Сейчас я не в состоянии объяснить Маджонгу, чем жимолость хуже флорентийской розы, а лотос – кайенского мирта, жимолость и лотос давно мертвы, похоронены в братской могиле вместе с вонючкой Бадди. Жимолость и лотос давно мертвы, а тугие бутоны флорентийской розы еще даже не распустились. Не распустились.

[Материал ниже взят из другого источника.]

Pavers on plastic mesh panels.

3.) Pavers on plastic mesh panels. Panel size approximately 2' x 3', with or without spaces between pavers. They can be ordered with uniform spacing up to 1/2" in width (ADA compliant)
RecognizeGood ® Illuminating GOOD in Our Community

Но совсем скоро они распустятся. Совсем скоро.

Сейчас.

Я чувствую, нет – я вижу это. Как видел всегда, это Анук научила меня. Это она когда-то привела меня на бойню, к желобу, полному крови. Это она научила меня различать смерть по запаху и предчувствовать ее по запаху – тоже. Это она.

Анук, моя девочка.

Сердце мое бешено колотится, оно готово выскочить из груди и заляпать густой кровью табличку «FERME», черт, я и забыл о ней. Я – дурак, кретин, полный идиот – напрочь о ней забыл. Линн не просто завалила ветками провал, пропасть, темноту – она заперла их на замок. Но и это меня не остановит, и не надейся, Линн. Я высажу витрину, сил у меня хватит.

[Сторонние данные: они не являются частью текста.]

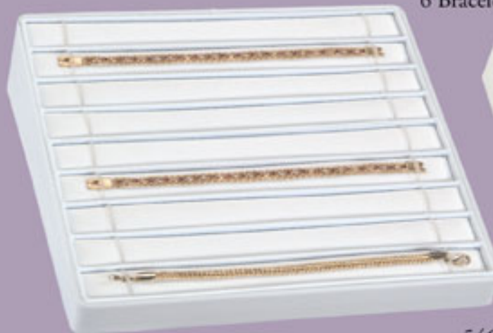
5468A 9 Bracelets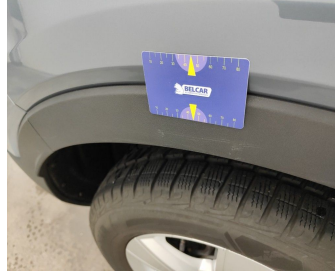
Wing Rear Right / Trim / Replace-scratch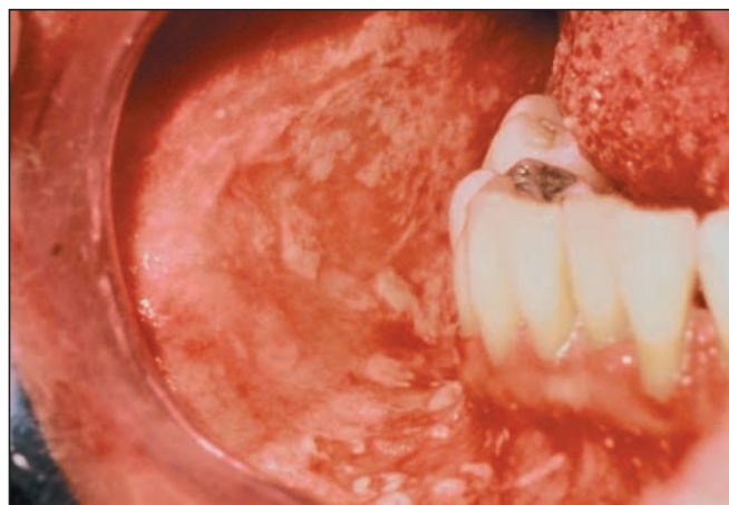
Fig. 6: Oral lichenoid mucosal reaction and periodontal disease, occurring as part of graft-versus-host disease.

‡Discontinue when patient has been off immunosuppressive drugs for 12 months.

Но высаживать витрину не приходится.

Мне хватает ума (он еще не померк окончательно, надо же!) подергать ручку двери. Она легко поддается, вот видишь, Линн, сегодня вечером ты была куда менее податливой. А может быть, я неправ, и ты оставила дверь открытой специально для меня? Добрая, добрая Линн, Линн-чудачка, Линн-избавительница, Линн – рубиновое сердечко. Хаос, царящий в голове, больше не пугает меня, ему на смену готовы прийти ясность и покой – всего лишь один поворот ключа от потерянной двери, всего лишь один поворот, одна маленькая деталь, которая упорядочит всю картину. Не подведи меня, Линн. Пожалуйста, не подведи!..

Первый этаж букинистического тонет в сумраке, ярко освещена лишь лестничная площадка с картиной в простенке, значит – Линн наверху.

– Линн! – зову я. – Линн!.. Никакого ответа.

– Линн! Это я, Кристобаль! Никакого ответа.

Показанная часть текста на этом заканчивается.